» **Directions**
Each line of the listing that contains the word "mais" is to be copied.

-- Supplied material follows --

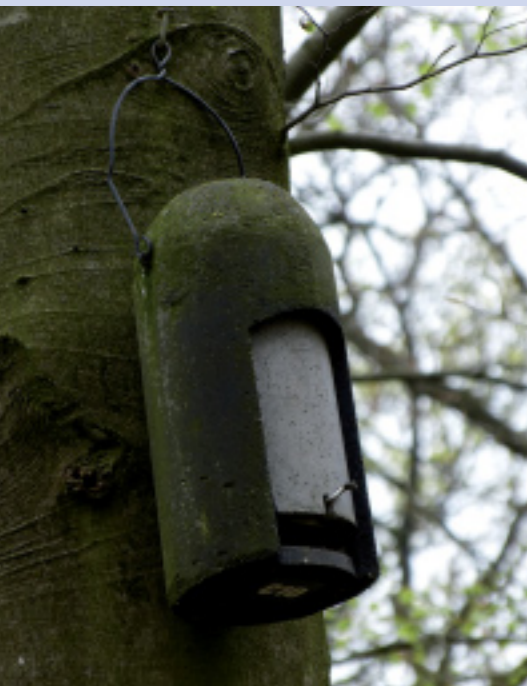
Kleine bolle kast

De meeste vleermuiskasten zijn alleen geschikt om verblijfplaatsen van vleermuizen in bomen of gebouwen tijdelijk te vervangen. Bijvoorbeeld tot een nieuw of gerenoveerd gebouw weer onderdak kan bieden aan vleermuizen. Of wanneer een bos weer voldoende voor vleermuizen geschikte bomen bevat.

-- Supplied material concluded --
-- Supplied material follows --

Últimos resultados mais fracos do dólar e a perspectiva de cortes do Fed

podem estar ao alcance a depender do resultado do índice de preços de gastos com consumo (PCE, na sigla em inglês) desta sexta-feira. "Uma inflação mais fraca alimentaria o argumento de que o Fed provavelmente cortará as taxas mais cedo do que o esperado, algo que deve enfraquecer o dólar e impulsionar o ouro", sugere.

-- Supplied material concluded --
-- Supplied material follows --

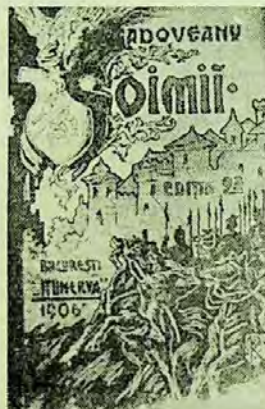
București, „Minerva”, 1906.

-- Supplied material concluded --

» **The completed task**
Últimos resultados mais fracos do dólar e a perspectiva de cortes do Fed
podem estar ao alcance a depender do resultado do índice de preços de gastos com consumo (PCE, na sigla em inglês) desta sexta-feira. "Uma inflação mais fraca alimentaria o argumento de que o Fed provavelmente cortará as taxas mais cedo do que o esperado, algo que deve enfraquecer o dólar e impulsionar o ouro", sugere.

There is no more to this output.